We immediately dismissed wordpress because it was MySQL centric, Blogger etc services were out the door as well. There were not that many blogging applications in .NET and most were very SQL Server centric.

We noticed other PostgreSQL bloggers use predominantly Serendipity, so we thought we'd give it a try.

Serendipity met all our requirements except for the PHP ADODB part. It has a database abstraction layer, but it appears to be a custom one. This we could live with. Below are the features we really liked about it.

  • Works on both Linux and Windows - IIS and Apache
  • Easy installation. Install process was literally 10 minutes or less
  • Supports PostgreSQL, MySQL, and SQLite
  • Underlying database structure was sane
  • Its underlying templating system is PHP Smarty-Based
  • At least it had a database abstraction layer. For .NET development we've built our own because all the ones out there went too far in their abstraction to the point of being counter-intuitive and .NET doesn't really have a pre-packaged database abstraction layer to speak of. So this particular choice of decisions was one we could accept.
  • Fairly intuitive.
  • Plug-ins galore - in fact most of our time was spent figuring out which plug-ins we wanted to use.
  • Ability to assign multiple categories to a blog post and threaded categories
  • Fairly straight-forward theming system

Choosing Plugins

There are some plugins enabled by default, but can't remember which ones. For the most part they are the common ones people would choose if they chose them. These get you pretty far at least to use the software before you realize hey there is other stuff you can turn on or off. Below are some of the ones we found as must haves or things that should think about changing.
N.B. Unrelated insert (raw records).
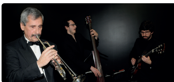
L'arrondissement remercie l'Éveil musical Anjou d'avoir créé gracieusement une très belle ambiance musicale pendant l'événement.
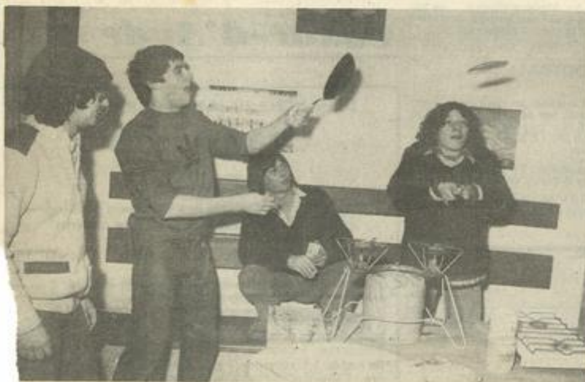
Les jeunes s'exercent à faire sauter les crêpes.
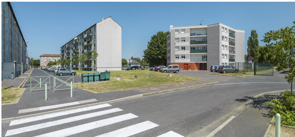
Bâtiment E, SIDEN et X depuis la place Pierre et Marie Curie.

58, Cosne-Cours-sur-Loire avenue de Verdun
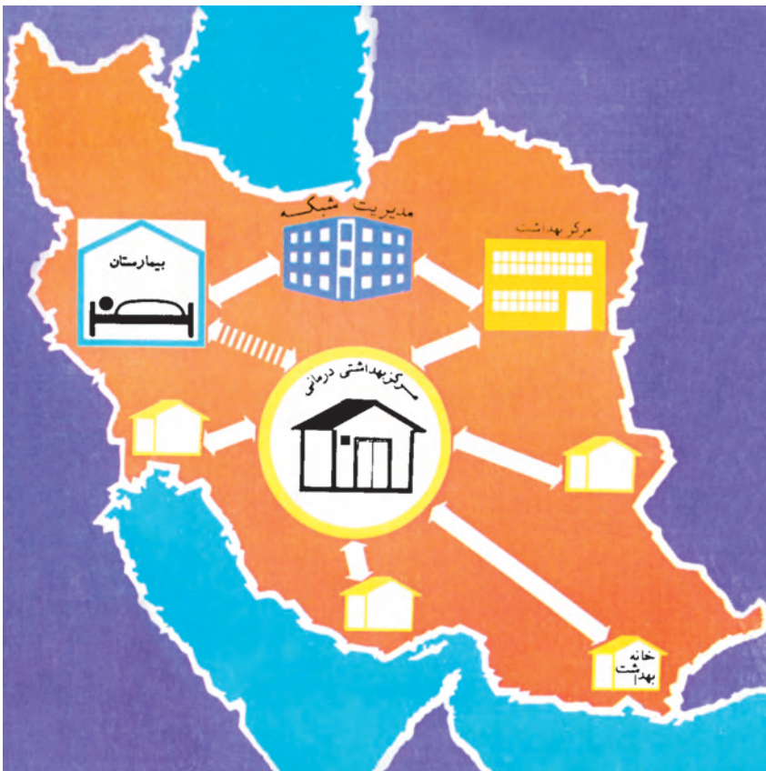
شکل ۲-۴- نظام عرضه‌ی خدمات بهداشتی

مراکز بهداشتی درمانی شهری و پایگاه‌های بهداشتی در شهرها مسئول ارائه‌ی خدمات به مردم
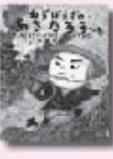
ねぎぼうずのあさたろう その1 いいのかずお 飯野和好 作 福音館書店

痛快な男たちの生きざまを見よ! 明治43年、わずか204トンの木造帆船開南丸で南極探検を執行した探検隊の物語。南極観測船「しらせ」に名を残す、世界的な日本人探検家・白瀬轟陸軍中尉の感動の生涯を描く。
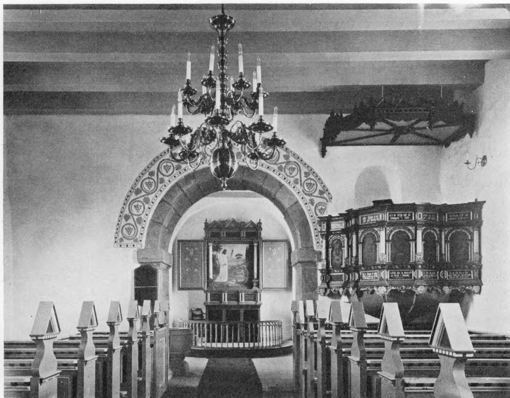
Fig. 3. Hvidbjerg. Indre, set mod Øst.
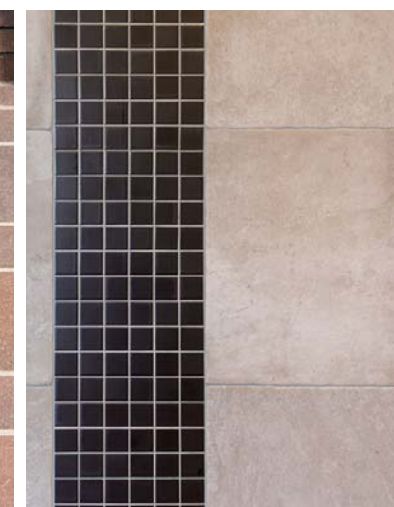
外装壁面タイルディテール
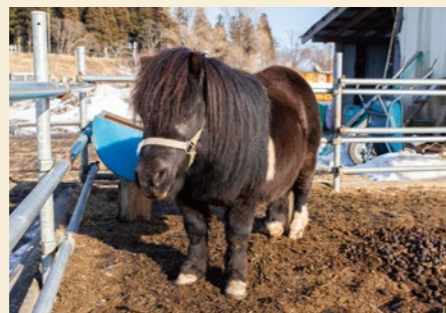
ポニーやヤギと触れ合ったり、餌やりも体験できます
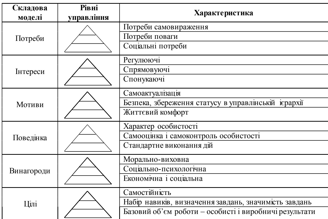
Таблиця 1 – Мотивація управлінської праці через потреби

Мотивація є внутрішнім механізмом, що спонукає до діяльності. Мотивація управлінської праці – це сукупність управлінських робіт, спрямованих на розробку та використання стимулів до ефективної взаємодії суб'єктів управлінської діяльності. В основі мотивації є комплекс динамічних потреб, які і визначають напрям використання потенціалу керівника [6, с.68]. При аналізі потреб необхідно враховувати рівні управління. Розглянемо модель мотивації управлінської праці через потреби на трьох рівнях управління: TOP, MIDDLE, LOWER (табл. 1) [розробка автора].
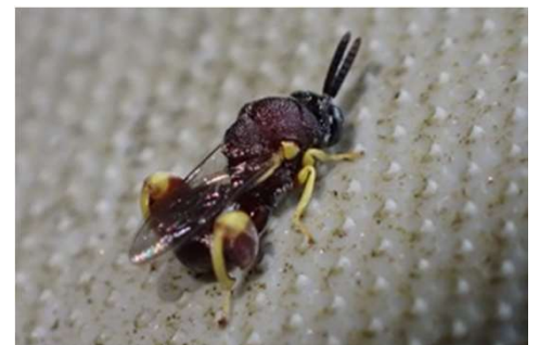
キアシブトコバチ

Serendipity has plugins broken up into event plugins and side bar plugins. Side bar plugins can be drag and dropped between the left right middle areas, which is a nice convenience. Event plugins are triggered based on Serendipity system events such as blog posts or comment posts and some aren't really events so to speak but aren't side bar plugins either so they show under events.

Event Plug-ins
  1. To WYSIWYG or Not? Serendipity's WYSIWYG setting is set at the user level which is nice since some people like it and some don't and if you have a group blog this is very useful. Personally we don't care for WYSIWYG especially for a site that shows coding snippets. This is not to say that WYSIWYG in Serendipity is not adequate for a lot of people. Just not for us. We never use the WYSIWYG in Visual Studio either. I blame being brought up writing papers in LATEX for this frustration with WYSIWYG.
  2. Markup: NL2BR - If you are going to be writing your own HTML turn this off for blog body. It screws up your nice formatting since it will literally turn each newline into a break when presented. Should probably always have this turned on for comments otherwise people writing out carefully thought out comments will be frustrated when their paragraphs are squashed.
  3. [S]erendipity [P]lugin [A]ccess [R]epository [T]ool [A]nd [C]ustomization/[U]nification [S]ystem (SPARTACUS) - this is a plug-in that allows you to connect to the Serendipity plug-in and update your plug-in repository - kind of like a YUM for Serendipity.
  4. Announce Entries - this is a plug-in that does an XML-RPC ping post to places like technorati, google, ping-o-matic. You can enable and disable which ones you want posted to by default when your entry is published. Within the entry screen, you can selectively uncheck and check them as well for that particular entry
Sidebar Plugins

We haven't played with these too much. The standard default calendar, category, and search were pretty much what we needed starting off. We liked the Wiki Finder and the links to publish to social bookmarking sites as a nice convenience.

Gripes

We also tried this on a virgin install of PostgreSQL 8.3 Beta 3 and it didn't work. Seems to be some logic in the DB layer of serendipity that uses LIKE instead of = against ids and the fact that PostgreSQL 8.3 has taken out a lot of the default CASTS. I think the serendipity code should be changed in this case since from a cursory glance, doesn't quite look right or efficient, but I'm sure there is a good reason they chose to do things that way.